Data supplied:
[Start of section]
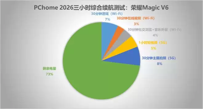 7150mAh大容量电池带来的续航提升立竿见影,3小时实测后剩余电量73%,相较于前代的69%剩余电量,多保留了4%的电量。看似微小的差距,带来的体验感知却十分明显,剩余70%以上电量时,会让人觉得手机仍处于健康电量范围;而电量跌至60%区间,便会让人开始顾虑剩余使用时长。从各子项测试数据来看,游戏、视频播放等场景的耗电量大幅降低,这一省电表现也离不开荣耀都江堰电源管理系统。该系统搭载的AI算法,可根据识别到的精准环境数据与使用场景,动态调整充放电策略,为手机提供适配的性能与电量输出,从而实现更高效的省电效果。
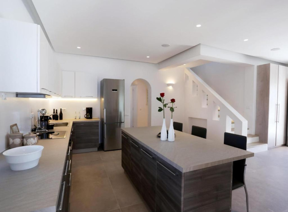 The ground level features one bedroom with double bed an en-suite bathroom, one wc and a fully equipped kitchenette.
[End of section]
[Start of section]
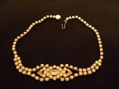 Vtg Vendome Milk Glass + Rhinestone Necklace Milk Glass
[End of section]
[Start of section]
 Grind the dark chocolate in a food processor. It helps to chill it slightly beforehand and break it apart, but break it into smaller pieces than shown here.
[End of section]
Give again, exactly as written above, every line from the one holding "7150mAh大容量电池带来" to the one holding "The ground level", with both ends kept and the pictures left out.

Output of the task:
 7150mAh大容量电池带来的续航提升立竿见影,3小时实测后剩余电量73%,相较于前代的69%剩余电量,多保留了4%的电量。看似微小的差距,带来的体验感知却十分明显,剩余70%以上电量时,会让人觉得手机仍处于健康电量范围;而电量跌至60%区间,便会让人开始顾虑剩余使用时长。从各子项测试数据来看,游戏、视频播放等场景的耗电量大幅降低,这一省电表现也离不开荣耀都江堰电源管理系统。该系统搭载的AI算法,可根据识别到的精准环境数据与使用场景,动态调整充放电策略,为手机提供适配的性能与电量输出,从而实现更高效的省电效果。
 The ground level features one bedroom with double bed an en-suite bathroom, one wc and a fully equipped kitchenette.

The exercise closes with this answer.